Em 10
de Abril de 1892, José Malhoa faz mais uma das suas habituais viagens até
Figueiró dos Vinhos. Desta, como de mais algumas outras, deixou-nos o registo
do itinerário. Em dois cartões de viagem, 205x125mm, quase em banda desenhada.
Estes foram resgatados há muito pouco tempo. Seremos os primeiros a vê-los, ao
fim de muitos anos.
Sigamos pois a estória. Que tem
título e tudo:
«Viagem a Figueiró dos Vinhos (de Lisbôa a Payalvo) 10 Abril 92»
Apanhado o combóio a vapor na novíssima Estação do Rocio,
inaugurada havia menos de um ano, talvez, ou então na mais antiga de Santa
Apolónia, a viagem começou.
Para trás Malhoa deixava os quatorze quadros expostos no
segundo salão do Grémio, entre os quais os 16,5 m2 de O último interrogatório do marquês de Pombal, o tal, sobre o qual
já Fialho havia escrito [1] «atirou-lhe pr’a cima uma
prodigiosa quantidade de tintas, de côres varias...» e desancado até ao fim,
não por falta de arte «…ha nesse quadro uma riqueza de seiva que faz honra a
Malhôa, e nos demonstra estar elle completamente senhor do métier», mas por grande incómodo e incompreensão da cena. Uma visão
jacobina da crítica contra a alegada «beatice» de um Malhoa «jesuíta», então a
levar por tabela, convém lembrar.
E ainda faltava o João Sincero, que havia de
verborrear pela mesma medida, dali a dez dias, no Occidente…

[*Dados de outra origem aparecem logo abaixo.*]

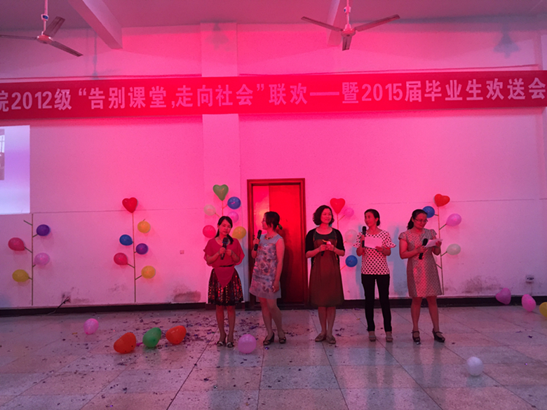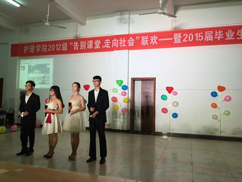 2015年6月9日晚七点,护理学院在东湖校区大学生活动中心举办“2012级告别课堂,走向社会”联欢—暨2015届毕业生欢送会。学院全体教职员工与学生欢聚一堂欢送2015届毕业生。

Malhoa já sabia, ou já adivinhava – com todas
aquelas tretas, vão mas é dar a medalha à Barca do Porto… se ainda fosse ao
estudo, mas àquele cartaz litográfico?!… e tanto trabalhinho me deu, o raio do
Marquez… - devia estar a pensar. Malhoa estava chateado, claro que estava
chateado.
Ir para Figueiró pintar, seria um bálsamo. E estava no início a
Primavera…
Para passar o tempo, na longa jornada até Tomar – a primeira
etapa da viagem -, nada melhor que puxar do lápis e do carnet.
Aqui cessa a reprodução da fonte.